▶ Extracted information
-- -- --
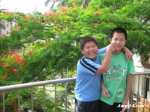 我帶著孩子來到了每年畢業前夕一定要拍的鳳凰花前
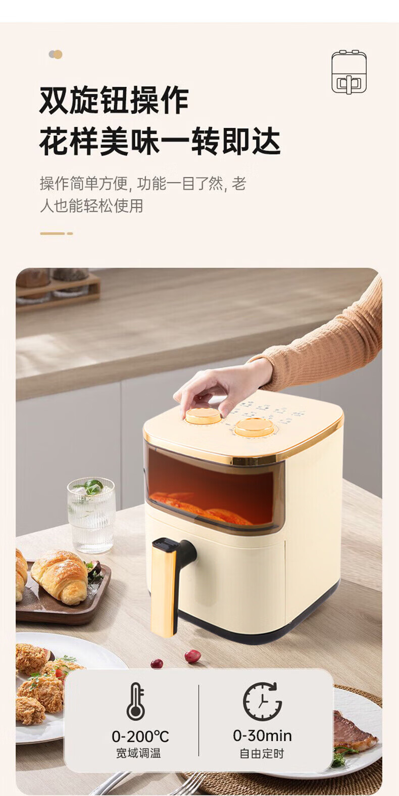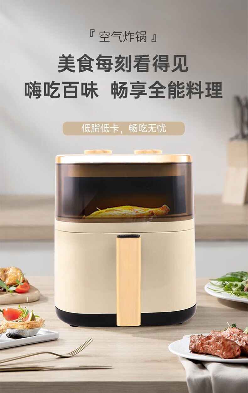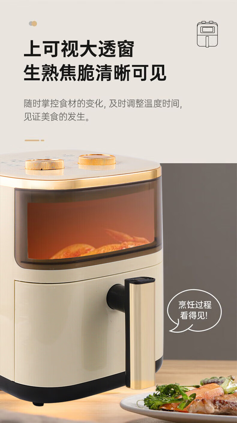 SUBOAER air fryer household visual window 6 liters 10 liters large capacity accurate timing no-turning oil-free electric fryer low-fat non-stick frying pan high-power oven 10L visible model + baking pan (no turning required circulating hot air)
-- -- --
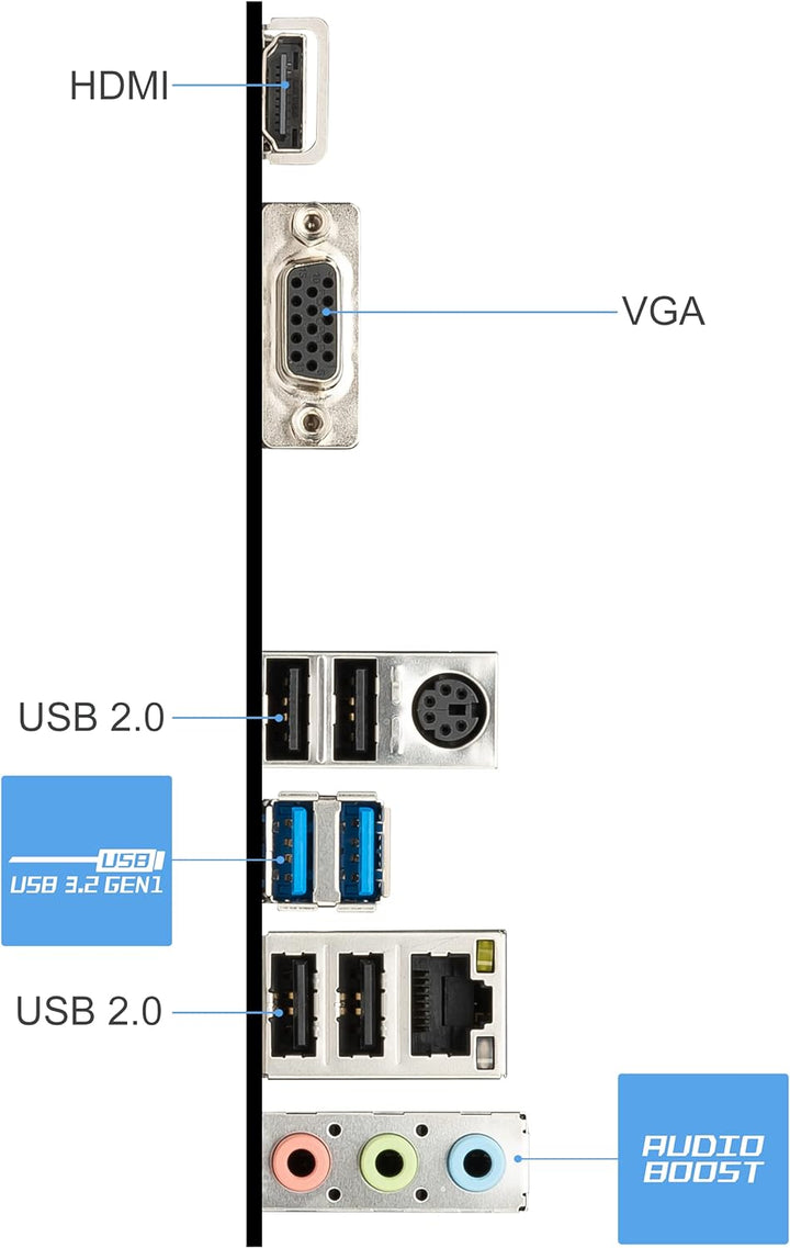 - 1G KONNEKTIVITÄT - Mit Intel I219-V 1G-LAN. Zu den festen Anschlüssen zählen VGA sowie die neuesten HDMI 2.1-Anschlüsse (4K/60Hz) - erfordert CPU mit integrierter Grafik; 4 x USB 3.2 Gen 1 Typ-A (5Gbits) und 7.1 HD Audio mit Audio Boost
-- -- --
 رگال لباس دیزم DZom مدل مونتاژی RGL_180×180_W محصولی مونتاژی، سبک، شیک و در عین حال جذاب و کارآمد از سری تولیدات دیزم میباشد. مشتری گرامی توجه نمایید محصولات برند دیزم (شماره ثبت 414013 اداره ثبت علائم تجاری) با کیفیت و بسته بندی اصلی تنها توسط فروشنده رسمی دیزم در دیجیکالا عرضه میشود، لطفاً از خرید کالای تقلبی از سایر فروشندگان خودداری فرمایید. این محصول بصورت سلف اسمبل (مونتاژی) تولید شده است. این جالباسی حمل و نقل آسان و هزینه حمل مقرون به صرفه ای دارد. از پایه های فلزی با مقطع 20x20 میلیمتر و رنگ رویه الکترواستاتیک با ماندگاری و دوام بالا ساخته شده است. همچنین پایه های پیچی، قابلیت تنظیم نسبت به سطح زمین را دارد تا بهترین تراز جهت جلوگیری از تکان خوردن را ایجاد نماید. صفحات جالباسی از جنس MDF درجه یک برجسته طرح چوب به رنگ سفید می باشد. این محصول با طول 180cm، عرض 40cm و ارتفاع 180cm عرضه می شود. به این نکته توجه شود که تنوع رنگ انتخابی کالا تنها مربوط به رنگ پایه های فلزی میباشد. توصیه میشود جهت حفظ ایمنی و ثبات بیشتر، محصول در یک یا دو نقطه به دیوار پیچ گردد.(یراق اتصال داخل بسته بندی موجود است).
-- -- --
The data above holds the lines to copy: start at the one with "我帶著孩子來到了每年畢業前夕一定要拍的鳳凰花前", stop at the one with "SUBOAER air fryer", include both, copy them exactly without pictures, and copy nothing else.

▶ Solution for this exercise
 我帶著孩子來到了每年畢業前夕一定要拍的鳳凰花前
 SUBOAER air fryer household visual window 6 liters 10 liters large capacity accurate timing no-turning oil-free electric fryer low-fat non-stick frying pan high-power oven 10L visible model + baking pan (no turning required circulating hot air)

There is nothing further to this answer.